Defibrillation threshold of internal cardioversion prior to ablation
predicts atrial fibrillation recurrence
Abstract
Background: Many studies have reported the predictors of atrial
fibrillation (AF) recurrence after persistent AF (peAF) ablation.
However, the correlation between the atrial defibrillation threshold
(DFT) for internal cardioversion (IC) and AF recurrence rate is
little-studied. We investigated the relationship between DFT prior to
catheter ablation for peAF and the AF recurrence. Method and Results:
From June 2016 to May 2019, we enrolled 82 consecutive patients (mean
age 65.0 ± 12.4 years), including 45 patients with peAF and 37 with
long-standing peAF, at Hamamatsu medical center. In order to assess the
DFT, we performed IC with gradually increasing energy prior to
radiofrequency application. Forty-nine and 33 patients showed DFT values
less than or equal to 10 J (group A) and greater than 10 J or
unsuccessful defibrillation (group B), respectively.

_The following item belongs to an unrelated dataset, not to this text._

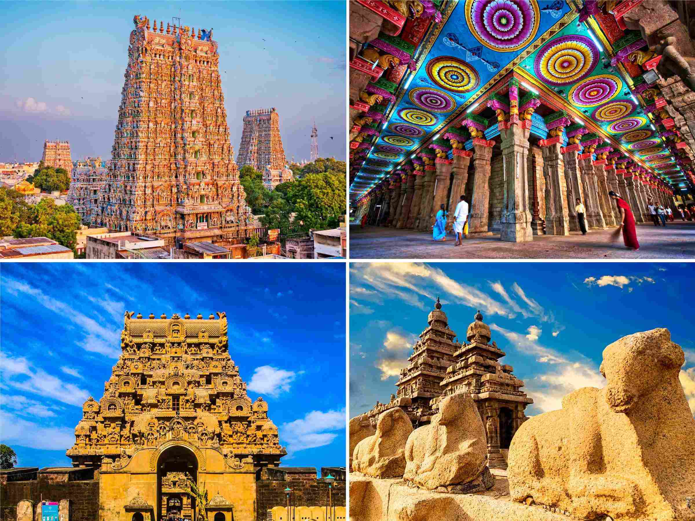 泰米尔纳德邦是达罗毗荼建筑核心区域,汇聚印度最宏伟神庙。马杜赖米娜克希安曼神庙占地广阔,12座高塔布满精美神像,是南印寺庙建筑巅峰;坦贾武尔布里哈迪希瓦拉神庙建于11世纪,61米高塔直插云霄,是朱罗王朝建筑艺术极致展现;金奈海岸神庙沐浴孟加拉湾晨光,历经千年海风侵蚀依旧屹立,五部战车神庙由整块巨石雕成,是南印建筑原型。
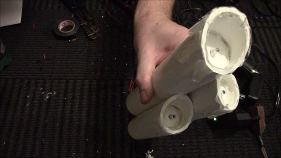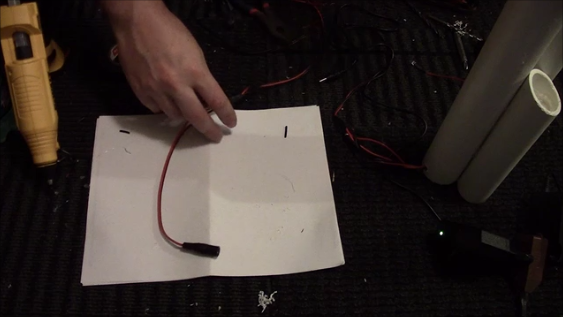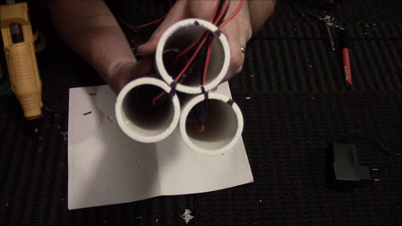 Thread your speaker wire through the smaller pipes and into the big pipe and out through the back hole. Cut them all the similar length depending on your need. These will connect to a pigtail and eventually the power supply. Strip off the insulation for connection to the pigtail.

During the mean
follow-up duration of 20.5 ± 13.1 months, patients in group B showed
significantly higher AF recurrence rates than those in group A after the
ablation procedure (P = 0.017). Multivariate analysis revealed that the
DFT was the only predictive factor for AF recurrence (OR=1.07; 95% CI:
1.00-1.13, P = 0.047). Conclusions: The DFT for IC was one of the
strongest prognostic factors in the peAF ablation procedure.